BEGIN
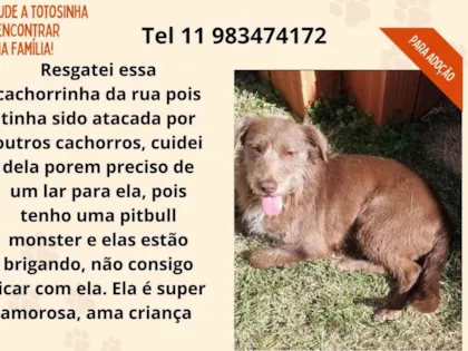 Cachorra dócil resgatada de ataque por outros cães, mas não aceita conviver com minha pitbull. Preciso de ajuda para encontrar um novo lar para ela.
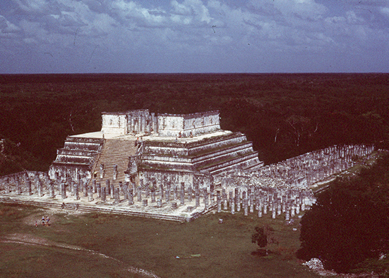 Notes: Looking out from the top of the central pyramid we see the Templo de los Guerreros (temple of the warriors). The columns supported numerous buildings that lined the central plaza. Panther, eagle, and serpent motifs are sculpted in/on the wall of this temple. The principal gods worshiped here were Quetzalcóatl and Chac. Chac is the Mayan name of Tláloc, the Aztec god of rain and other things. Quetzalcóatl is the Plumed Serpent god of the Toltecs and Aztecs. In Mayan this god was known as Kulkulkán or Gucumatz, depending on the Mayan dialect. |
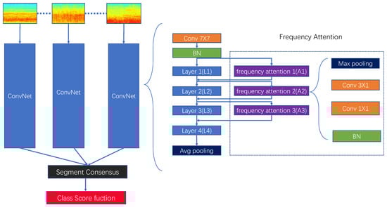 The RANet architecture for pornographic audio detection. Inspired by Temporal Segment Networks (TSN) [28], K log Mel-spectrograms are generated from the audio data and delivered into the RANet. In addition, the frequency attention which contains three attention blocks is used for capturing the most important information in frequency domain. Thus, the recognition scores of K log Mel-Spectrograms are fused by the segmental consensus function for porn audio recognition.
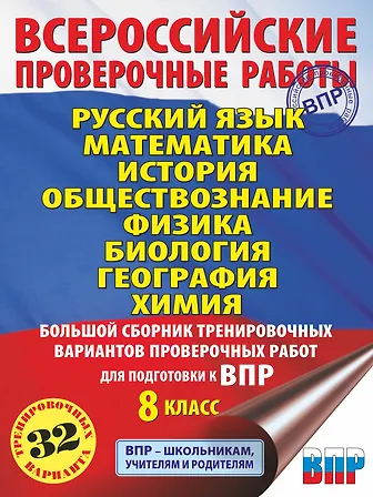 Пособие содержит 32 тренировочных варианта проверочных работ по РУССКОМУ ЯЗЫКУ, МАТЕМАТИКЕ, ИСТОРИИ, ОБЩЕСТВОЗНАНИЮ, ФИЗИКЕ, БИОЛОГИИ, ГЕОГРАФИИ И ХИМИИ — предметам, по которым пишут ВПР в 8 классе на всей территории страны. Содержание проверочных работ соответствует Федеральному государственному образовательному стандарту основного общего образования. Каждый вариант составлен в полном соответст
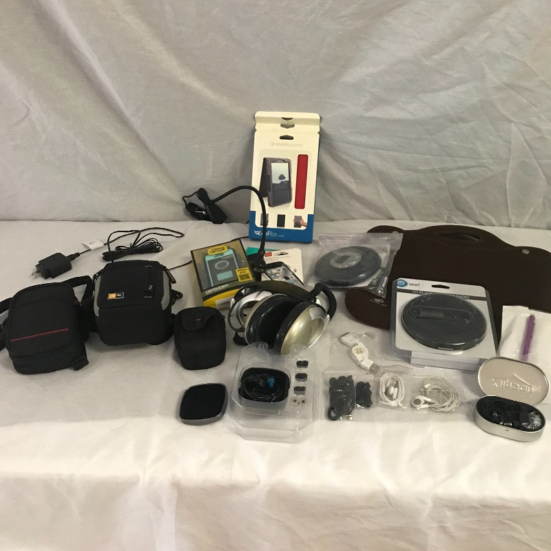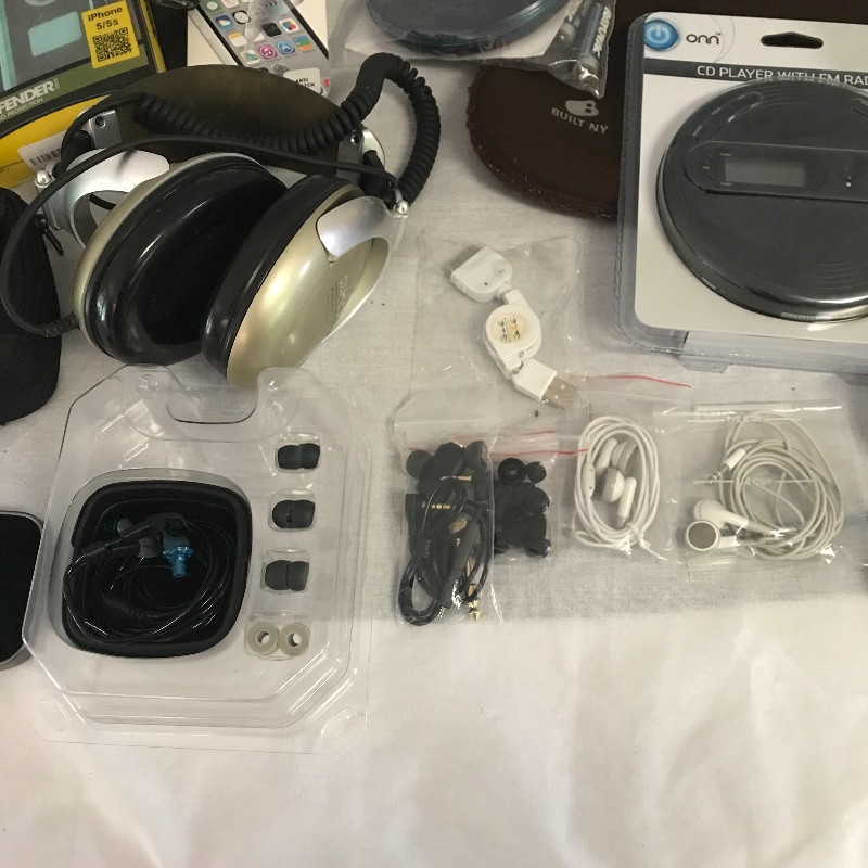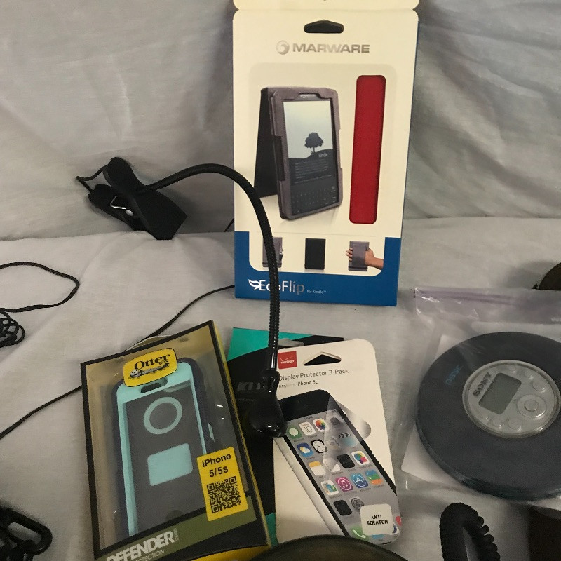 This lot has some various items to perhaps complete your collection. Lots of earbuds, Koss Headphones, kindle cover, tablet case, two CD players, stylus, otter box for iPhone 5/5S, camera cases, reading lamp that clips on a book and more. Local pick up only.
END
BEGIN
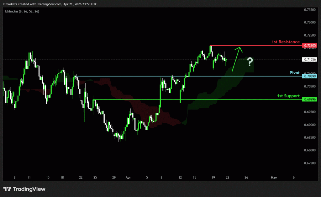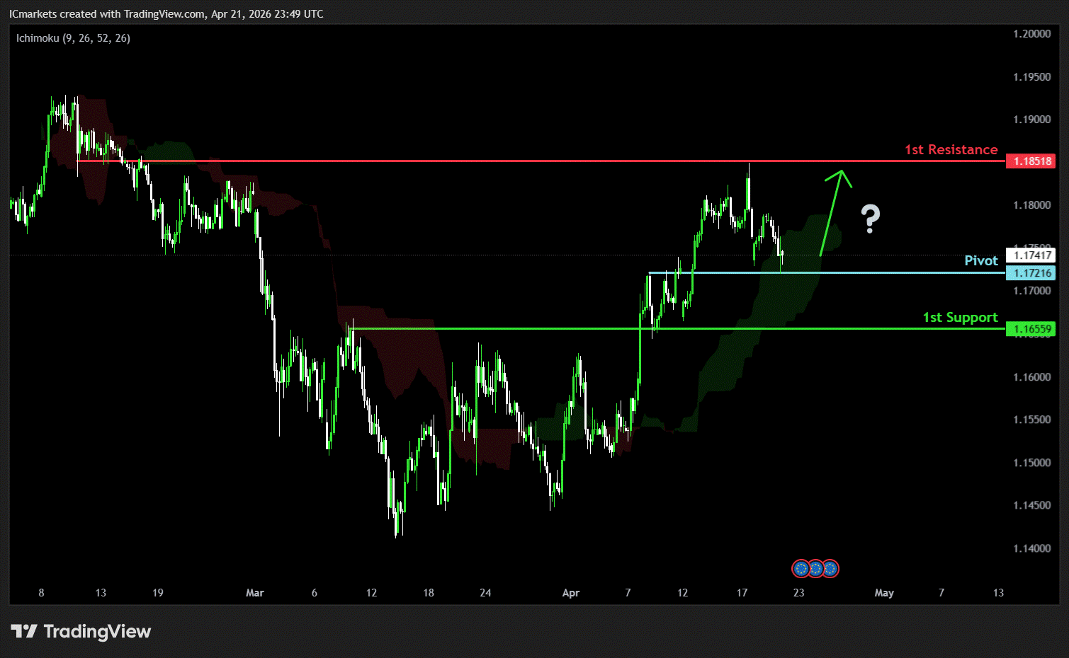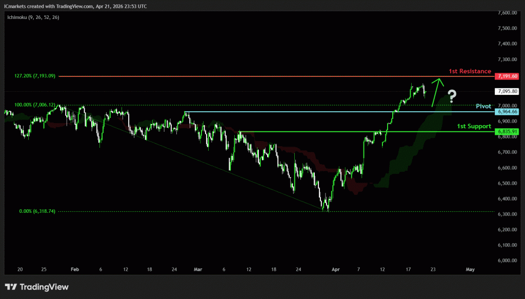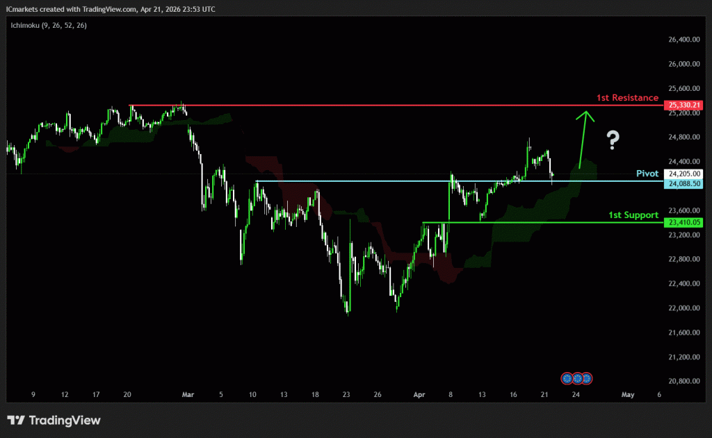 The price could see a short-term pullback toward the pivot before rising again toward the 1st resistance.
END
* _Task details_: Everything from the line with "Cachorra dócil resgatada" down to the line with "Notes: Looking out" in the data above should be copied exactly, with both end lines kept and the pictures left out.

* _Answer section_:
 Cachorra dócil resgatada de ataque por outros cães, mas não aceita conviver com minha pitbull. Preciso de ajuda para encontrar um novo lar para ela.
 Notes: Looking out from the top of the central pyramid we see the Templo de los Guerreros (temple of the warriors). The columns supported numerous buildings that lined the central plaza. Panther, eagle, and serpent motifs are sculpted in/on the wall of this temple. The principal gods worshiped here were Quetzalcóatl and Chac. Chac is the Mayan name of Tláloc, the Aztec god of rain and other things. Quetzalcóatl is the Plumed Serpent god of the Toltecs and Aztecs. In Mayan this god was known as Kulkulkán or Gucumatz, depending on the Mayan dialect. |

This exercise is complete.